From 1750 to 1779 the Cape of Good Hope became strategically important due to the increasing competition between France and Great Britain for control of the seas. In 1780 Holland joined the American Revolutionary War in alliance with France and Spain against Great Britain; the British Government were aware of the consequences should the Cape of Good Hope fall and the impact it would have on its trade links with India and put a plan into place to capture the Cape and circumvent its use by the enemy. The first attempt was subject to prolonged delays and the fact that the French were able to reinforce their defences enabled them to successfully defend it from the British attack. From 1781 to 1791 various attempts were made to capture the station: all failed and it remained under the control of France and the French were successful in attacking and disrupting the trade cargo of the East India Company's ships that were travelling between Asian subcontinent and Europe. In 1792 hostilities temporarily ceased and by 1793 the Directors of the East India Company expressed their concern about the cape being retained by the French. The British government and the Admiralty decided to act and successfully retook it in 1795: the first Naval base was established at Table Bay.

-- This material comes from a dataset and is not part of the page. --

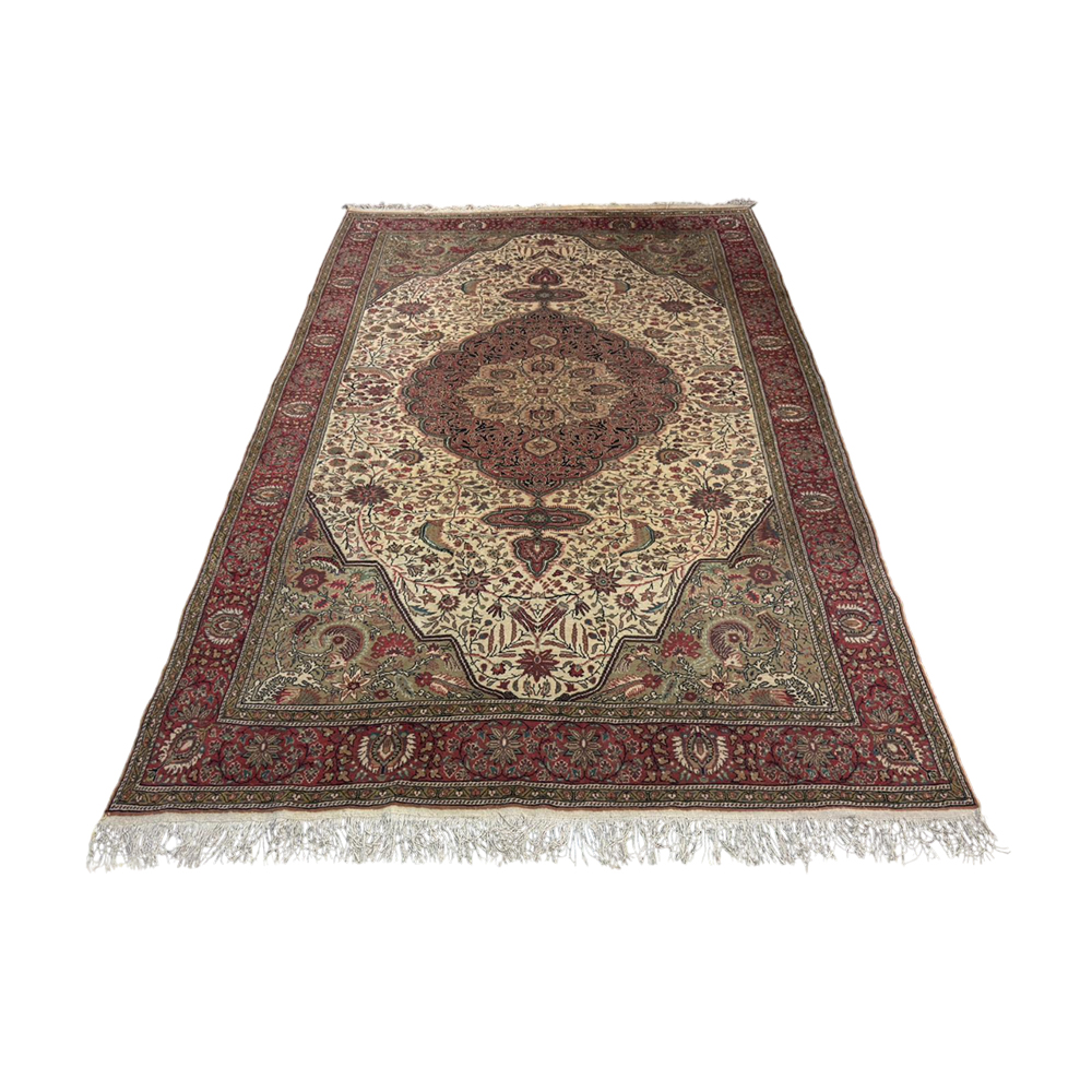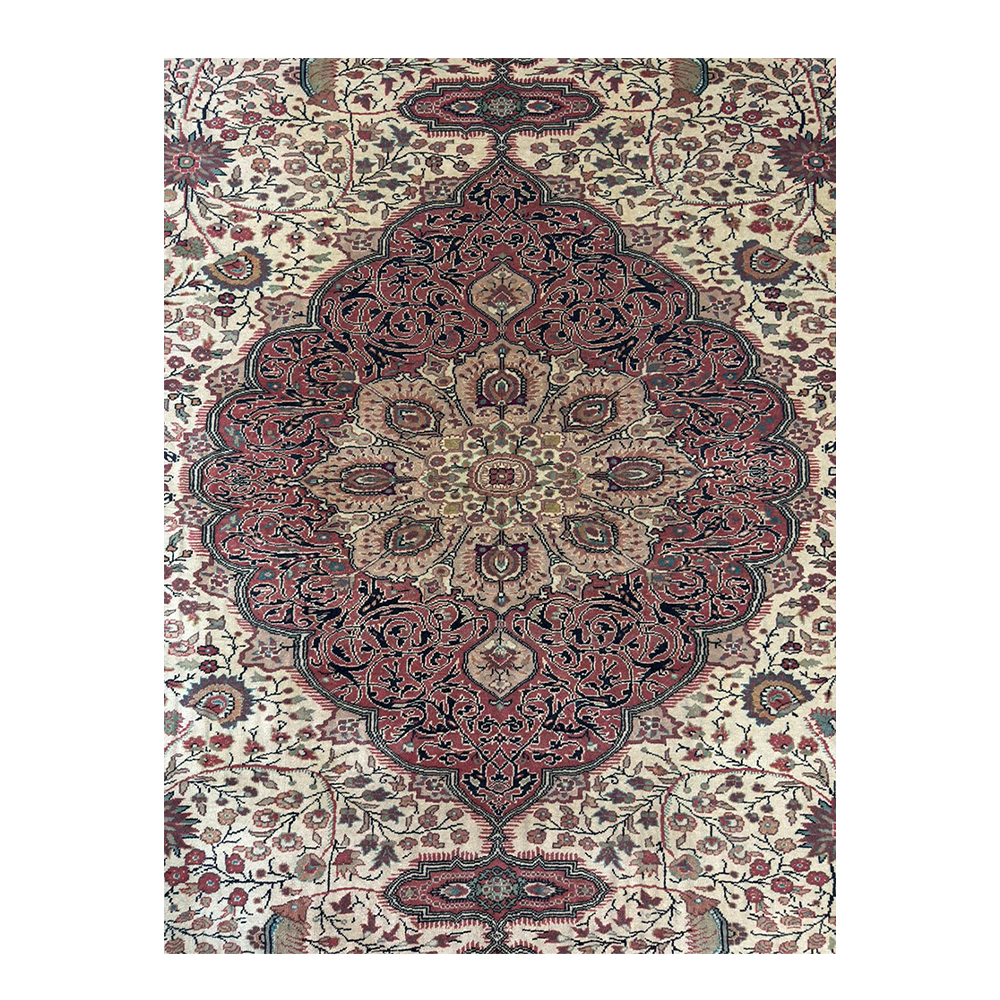 TAPPETO ORIENTALE annodato a mano con medaglione centrale e ricca decorazione floreale su campo chiaro. Vello in lana con frange alle estremità. Manifattura di area persiana XX secolo. Condizioni generali buone con lievi segni d'uso. cm 315 x 200

In 1802 the British government agreed to restore the Cape to the Dutch control but this was not finalized until 1803 and lasted until 1806, when a new British Administration under William Pitt cancelled the agreement between both countries and re-took the Cape once more in 1806, which effectively from this point on remained under British control. In 1811 the Royal Navy decided it wanted to move from its current base to a new base at Simon's Town bay; however the initial facilities took approximately three years to complete and were not ready until 1814. From 1815 to 1849 the base was mainly used for re-fitting and repair work on vessels and acted as a port of call for nautical surveyors who were mapping the region. During the 1850s and 1860s improvements were made to the dockyard facilities with some being re-built in order to accommodate larger ships. On 17 January 1865, it was combined with the East Indies Station to form the East Indies and Cape of Good Hope Station; however, the station was recreated as a separate station on 29 July 1867. From 1870, it absorbed the former West Africa station. By the start of the Second Boer War in 1899 a long period of relative peace had existed; the station became the main base for British Forces disembarking and embarking during the war and for supplies and equipment being shipped from Britain for the duration of the conflict.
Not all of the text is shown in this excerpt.